# Question regarding Arctic Silver 5 application



## InfernalSolo (Nov 8, 2006)

I finally decided to make the jump from the standard thermal grease to Arctic Silver 5. However, I am a bit nervous about following the directions that they have for applying it to my CPU (AMD Athlon 62 x2 5600+) 

http://www.arcticsilver.com/pdf/appinstruct/as5/ins_as5_amd_dual_wcap.pdf

because after working with some builds with the regular stuff, I am just used to spreading the stuff around the heat spreader. I'm sure the Arctic Silver people know what they are talking about, but my gut still won't believe it. Will a tiny little dollop on the center of the heat spreader really smear across it enough to properly cool the cores? 

I have heard about another application technique for Intel dual cores where you run a line of the grease down the length of where the two cores are like it's cocaine, but I'm sure that would only work on Intel CPU's as AMD probably has different placement of the cores. Besides, I'm sure that they wouldn't write those instructions without knowing they will work, but may I please have some comforting words to make me feel better about it ray:?


----------



## kodi (Jun 30, 2004)

It will work.
The thermal paste is only there to fill in the microscopic ridges and valleys on the CPU and Heatsink (you won't see them with the naked eye) and allow more surface contact and therefore more cooling


----------



## blackduck30 (Sep 7, 2004)

The main thing to remember is too much can cause problems, the thermal grease actually acts as in insulator and you will get high temps.
The worst thing is that too little will give you high temps as well.

It is a fine line


----------



## InfernalSolo (Nov 8, 2006)

I just applied it today. I used ArctiClean 1 and 2 for cleaning the old grease that I had on the CPU and heatsink as per the instructions. I then applied the Arctic Silver exactly following the instructions that they had for my cpu:

I put a dot in the center with an amount of grease that is about the size of one and a half uncooked grains of rice.

I then set the heatsink straight down onto the CPU and twisted it about one degree each way to make sure there were no air bubbles.

The results were not quite what I expected. The temperature of my CPU increased by about one degree from the baseline temperatures that I had established before I applied the new grease, both for idle and under heavy load. As I did everything exactly as per Arctic Silver's instructions, I have two theories:

1. Arctic Silver mentioned a "break-in" period of around 200 hours before the grease would perform at its maximum... well... performance.

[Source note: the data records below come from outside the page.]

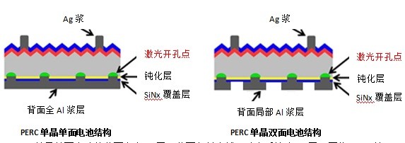 PERC单晶双面电池背面由全Al层改为局部Al层,因此背面的入射光可由未被Al层遮挡的区域进入电池,实现双面光电转换功能。由于激光开孔点仍然需要Al浆来疏导光生电流,因此背面的大部分区域任然覆盖了Al浆,因此和电池正面超过20%的光电转换效率相比,PERC单晶双面电池背面可吸收光线的区域有限,背面的光电转换效率预计在10-15%。同时由于背面由全Al层改为局部Al层,电池的正面效率可能会下降0.2-0.5%。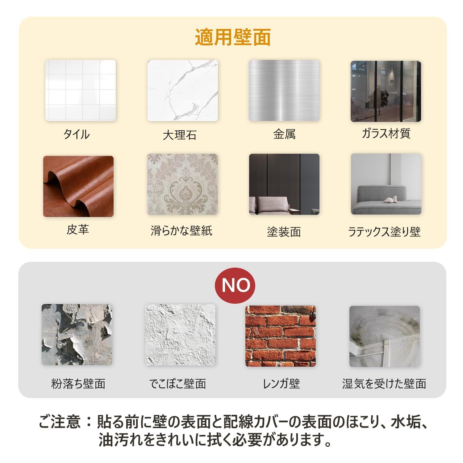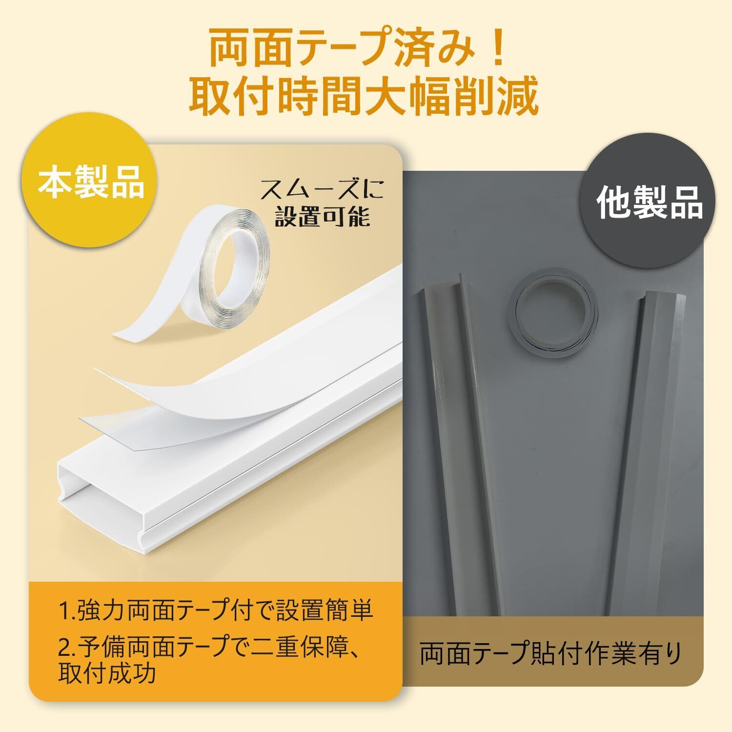 【両面テープ付きで簡単取り付け】取り付けに工具は不要!製品に両面テープが貼付済みのため、壁面、床面、机など平坦な場所に簡単に接着できます。強力な粘着力で脱落しにくく、また必要に応じて取り外しも可能で、壁面を傷つけにくい設計です。初心者でも短時間で設置完了し、すぐにケーブル隠しの効果を享受できます。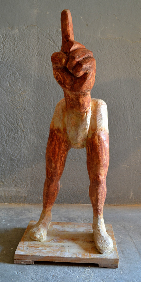 Little Great Dictator, carved wood and paint 66x30x27cmts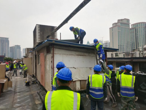 据悉,北湖街前期已多次组织驻街城管执法中队、北湖派出所、街公共安全办、街公共服务办、社区居委会、红色物业、邮三宿舍物业经理及违建业主等多方召开楼顶违建拆除动员会、工作部署会。社区也持续与违建业主进行沟通,做通思想工作,并全程跟进此次拆违作业,保障拆违工作圆满完成。
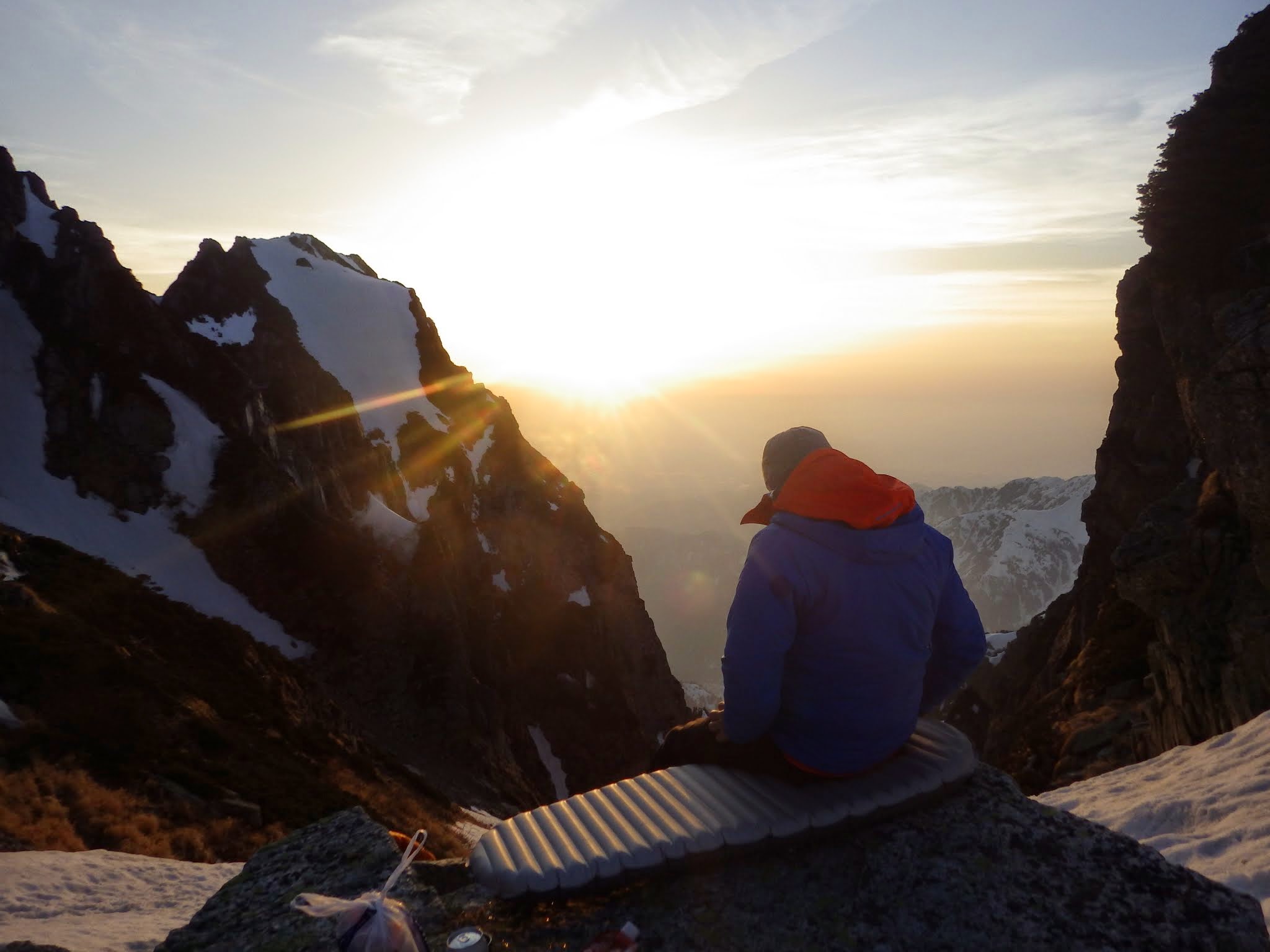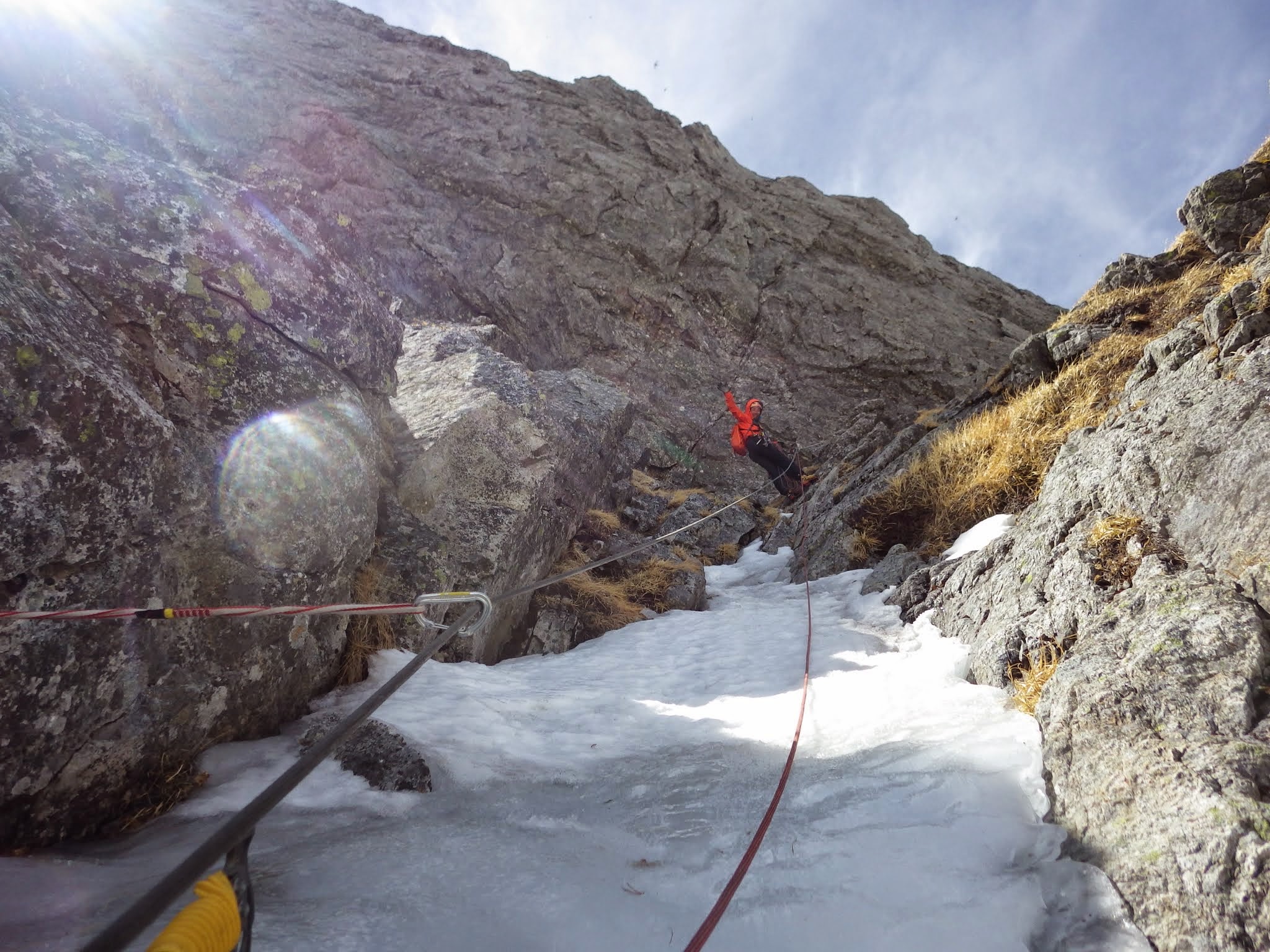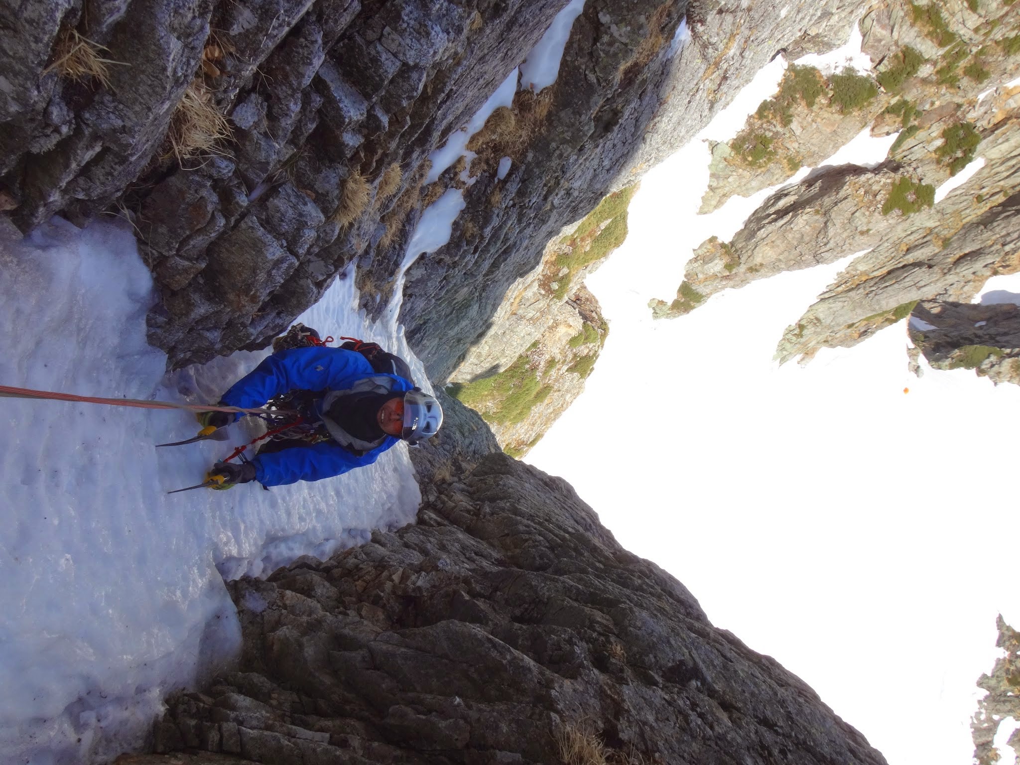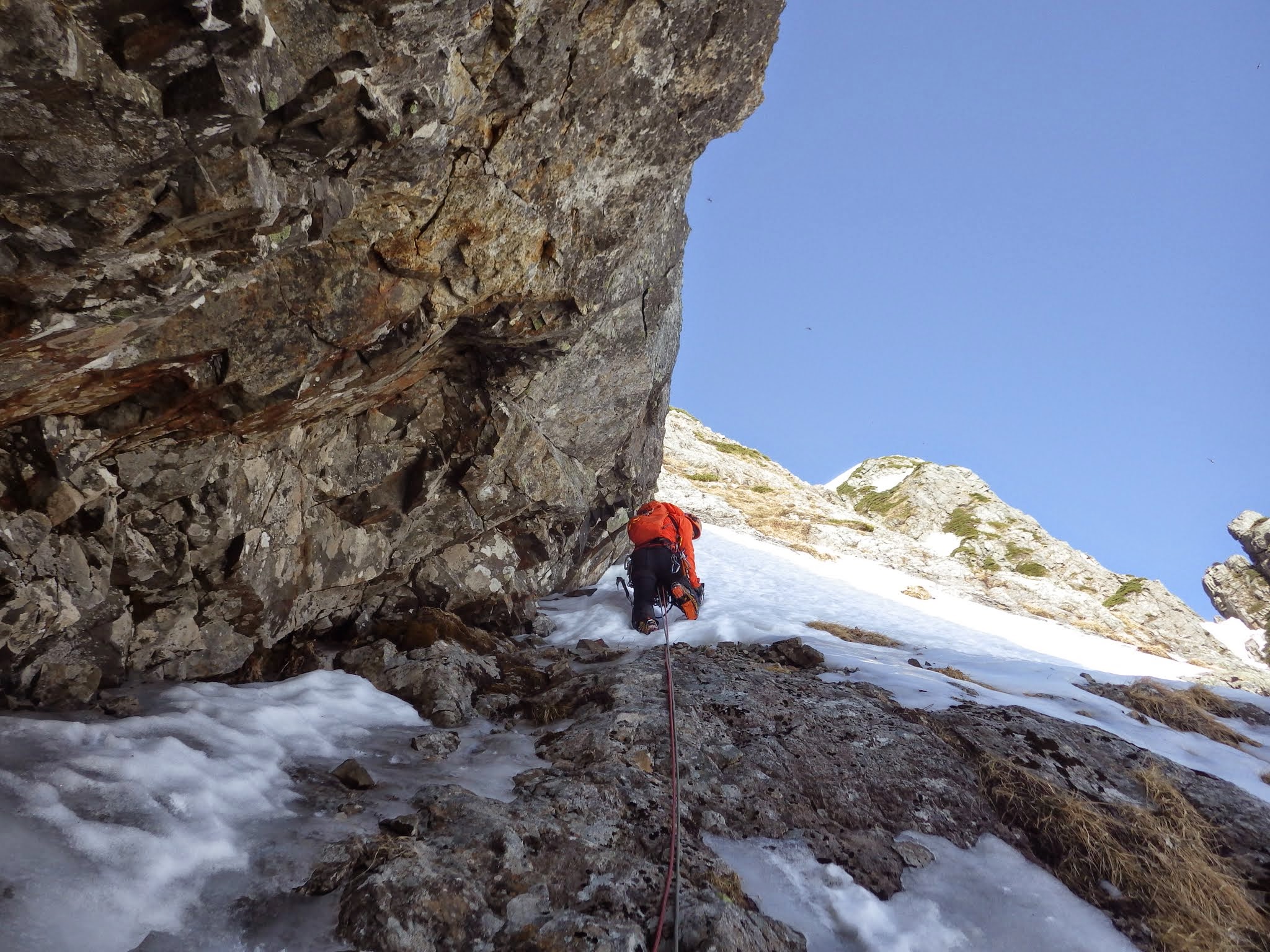 手も足も渋い。氷の下にはハーケンが透けて見える。ガバも氷の下なのか。ベルグラを引っ叩いて全部剥がしてやりたいが、ビレイヤーを直撃するから始末に悪い。左に被さる側壁に身体を寄せたり、アンダーホールドを探ったり、騙し騙しのクライミング。少し氷の厚くなった上部で、赤スクリュー(10cm)にクリップし、やっと一息入れる。氷雪のルンゼを20m程登り、雪を避けるように設置された岩上のビレイ点へ。

2. As it is only a difference of one degree, it could be that my cooler isn't working at its full strength, and is simply trying to maintain a temperature of no higher than 41C or so, instead of as cool as it can possibly get it. This may be the case because I have a thermal electric cooler that automatically varies both its fan speed, and turns the thermal electric unit on and off to maintain temperature.

Any other ideas?


----------



## Old Rich (May 31, 2007)

One degree is probably within the margin of error . . I have notices a 2-5 degree drop after the pc has been on for a couple of days


----------